Photo by tsuacctnt
It began the way these things do: with a flicker of inspiration, a sweet sense of promise, and a surge of motivation.
Knitting season had arrived, and I knew exactly what I was going to make. I found the perfect pattern. I bought the yarn and tested the gauge. My needles were packed, and a weekend at a friend’s cottage in Wisconsin was right around the corner. I could already see the chocolate brown cardigan on me. In my mind, I tried it on with my orange cords, then with my lime green skirt. I imagined the sweater feeling like a hug as I walked the dog on a perfect fall day. As my mind wandered, I may or may not have even practiced a few different ways of responding to people who might ask about the sweater (after all, the right balance of humility and healthy pride is tricky).
In other words, I got a little bit ahead of myself.
Two days later, not long after successfully knitting the collar and making the first buttonhole, I was cursing it all—the dark yarn, the dim cottage lights, the 3G network that wouldn’t let me look up videos of complicated knitting instructions on my phone, and the funny feeling I had that what I thought seemed right, in a maybe-sorta way, wasn’t right at all.
But I brushed those thoughts aside, surging ahead in the determined way that is more about lunacy than bravery. I told myself that no one would notice that huge knotted tangle of attempted increase-stitches sitting right on my shoulder when the sweater was done. I told myself it is good to not be a perfectionist. I told myself that mistakes add charm—if I wanted a perfect sweater, I’d buy one at J. Crew, made by a machine.
And I kept knitting and knitting away, feeling somewhat thankful now for the dim lighting and the distractions of Jason and his buddy playing some wild card game that involved lots of slapping, agony and verbal strutting. Sometimes I am hopeful this way—I think messes will magically right themselves, that the faster I surge ahead, into the future, the faster I’ll leave the mistakes in the past.
The problem is, knitting is a lot like life. Yes, there are little flaws that can be charming, or maybe they can even be fixed down the road with an extra stitch or two, and some skilled blocking. But sometimes there are big problems, of a different species. These are the type of messes that love to reproduce, multiplying and growing before your eyes. They don’t go away. No matter how hard you try, you can’t avoid that thing you were doing wrong, and the way it keeps popping up in your life so you have to keep doing it again and again, still wrong each time. You can’t later enjoy the satisfaction and warmth of a finished product if it reminds you, each time you pull it out, of the mess you never fixed.
I wasn’t exactly thinking all of this when I finally admitted yesterday what I knew in my heart: I had to tear out all the stitches I had made on Saturday, all the way back to that initial three centimeters of properly-knitted ribbed collar with its single buttonhole. What I was thinking is that if I didn’t go back and make it right, I would continue to stumble and fight this project every step of the way. I was putting in place my own booby-traps, that would continue to trip me up. Ridiculous! Especially when I considered that the whole point of this activity was to bring peace and satisfaction, and eventually a sense of accomplishment and some warmth. Why would I sabotage myself in such a way?

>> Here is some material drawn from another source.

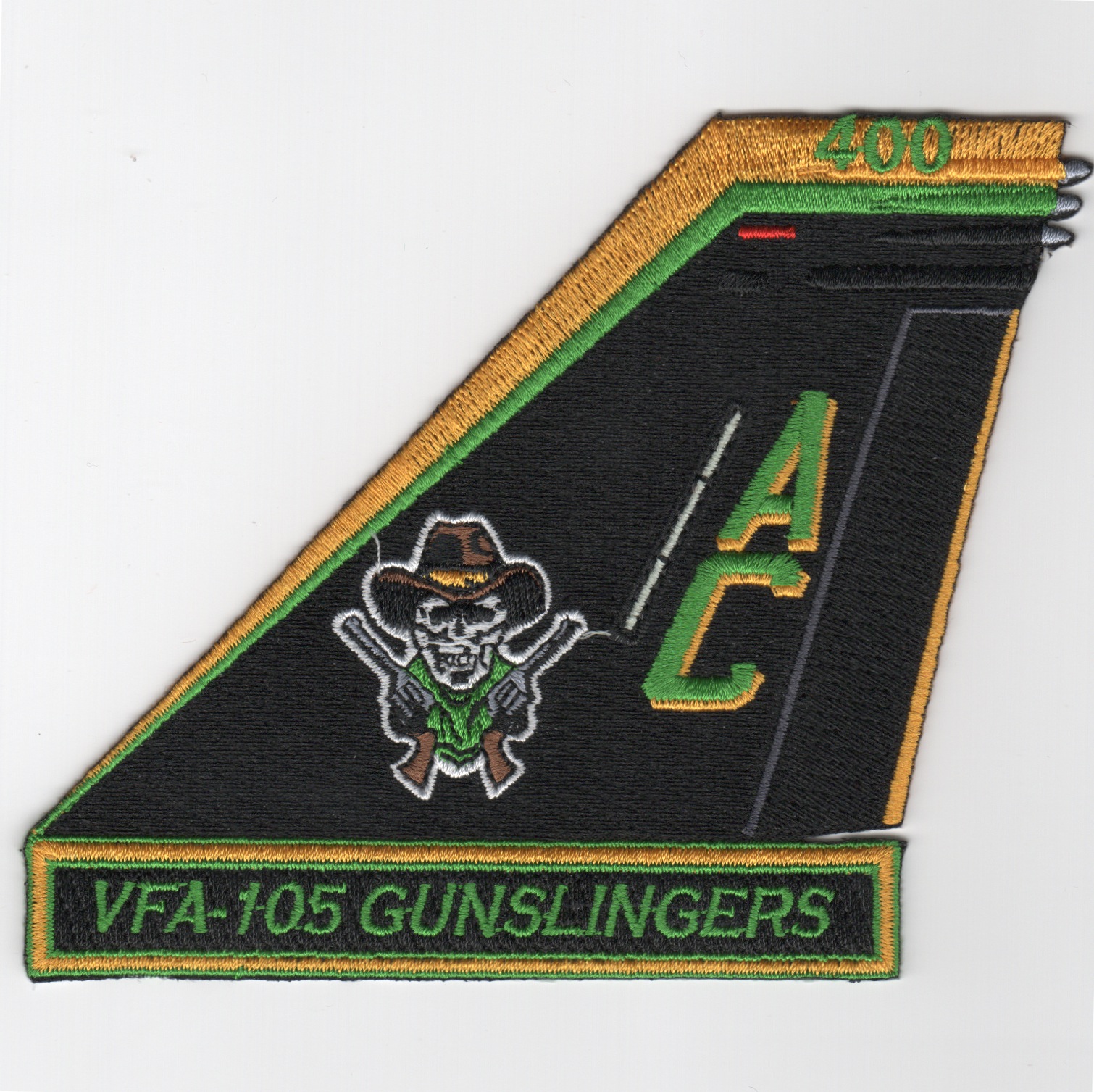 The “Gunslingers” of VFA-105 are based at NAS Oceana, VA. They were established in March 1968, and are now flying the McDonnell Douglas F/A-18C Hornet. They participated in the Gulf War aboard the USS J.F. Kennedy (CV-67) as part of CVW-3. This is their version of their TAILFIN patch and does not come with velcro attached.

And yet we do—in small and big ways all the time. We give in to bad habits. We surrender to mediocrity. We silently exchange our dreams and visions for sorry substitutes that don’t satisfy or bring joy, and then we carry the weight of those poor decisions forward.
I hope you will hear what I’m trying to say. This isn’t a post about being perfect. It isn’t a post about holding out for only the biggest and best dreams, refusing to take joy in the small, simpler things. It isn’t a post about beating ourselves up, either, or getting bogged down in regret.
It’s a post about this: knowing what is possible, and what we are capable of—knowing the way things work and feel when everything is right within us. It’s about understanding that being the best version of yourself often means moving backwards, and doing the hard work of righting the wrongs before we move forward again. It’s about looking for the long view, and not rushing things that matter. And sometimes it’s about turning down smaller gains that tempt us in the moment, and choosing, instead, to focus our hope on that “something better” we’ve gotten glimpses of along the way.